- Born: July 1, 1953 Seattle, Washington, U.S.
- Died: April 5, 2026 (aged 72) Puyallup, Washington, U.S.
- Education: West Seattle High School, University of Washington
- Occupations: Actress, dancer, cheerleader

= Yvette Van Voorhees =

American actress (1953–2026)

Yvette Van Voorhees (July 1, 1953 – April 5, 2026) was an American actress, dancer, cheerleader and beauty queen, best known for her role as a Muse in the 1980 film Xanadu. She also appeared in the Broadway production of Evita during its original run. Before her career in entertainment, Yvette was a successful cheerleader, being part of the inaugural Sea Gals cheerleading squad for the Seattle Seahawks in 1976, and later a Los Angeles Rams cheerleader. As a beauty pageant participant, she held the Miss Washington World title in 1973.

==Early life==
Van Voorhees attended West Seattle High School. She participated in various local pageants, and became the West Seattle HiYu Queen's first princess in 1972. She joined the University of Washington and became part of the 14 member varsity yell squad, being selected from over 65 contestants in a two-day competition.

==Career==
Having been successful in the West Seattle HiYu pageant, Voorhees entered the Miss Washington World pageant, part of the Miss World competition. Initially, she was the runner-up to Lexie Brockway who herself would go on to be runner-up in the Miss World USA competition to Marjorie Wallace. When Wallace won the Miss World crown in 1973, protocol meant that Lexie Brockway became Miss World USA and in so doing relinquished her Washington crown to Van Voorhees who therefore became Miss Washington World.

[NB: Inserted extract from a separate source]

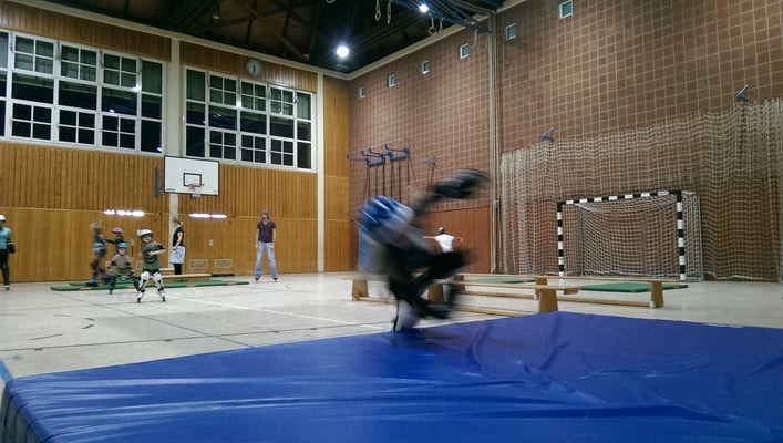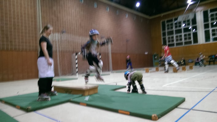 Die Premiere des "Familiensonntags", bei dem Kinder und ihre Eltern gemeinsam auf der Fläche stehen, war ein voller Erfolg. Nebst dem eigenen Nachwuchs durften wir auch neue Kinder aus Moabit kennenlernen. Angefangen mit Fallübungen, die von den Kindern deutlich mutiger ausgeführt wurden als von den Erwachsenen, sind wir in einen komplexeren Parcours übergegangen. Auf vier Bahnen gab es unterschiedliche Hindernisse zu überwinden. Nach einem gemeinsamen Ballspiel durften sich alle entscheiden, ob sie lieber weiter Inlineskaten oder ein gemeinsames Skaterhockeyspiel spielen wollen.

Having been a cheerleader at the University of Washington.oorhees became a cheerleader for the Seattle SuperSonics basketball team. She then went on to try out for the newly created Sea Gals cheerleading squad for the Seattle Seahawks in 1976 and became a member of that inaugural squad of 21 women led by director Holly Lemke. Van Voorhees was the first hopeful to perform at the try outs at Mercer Island and her performance was described as "downright spectacular". The Sea Gals made their first appearance during the Seahawks' first ever game against the St Louis Cardinals on September 12, 1976. She later became a cheerleader for the Los Angeles Rams when she was based in Los Angeles.

Having moved to Los Angeles, Van Voorhees worked as a dancer at Disneyland's Golden Horseshoe Revue and appeared in various television shows including Benson, It's a Living and Good Morning America. She additionally featured in commercials for Pond's and Datsun and was in the Los Angeles Civic Light Opera's performance of Guys and Dolls. Her most prominent role was as a featured performer in the film Xanadu, where she played one of the immortal muses, sisters to the muse played by Olivia Newton-John. Following Xanadu, Van Voorhees appeared a number of times on the Los Angeles stage such as in the musical ‘’Walls’’ at the Huntington Hartford Theater in 1983. However, Van Voorhees did not remain active in the industry long-term.

==Personal life and death==
Van Voorhees identified as Native American. She died on April 5, 2026, at the age of 72, after a lengthy battle with Parkinson's disease.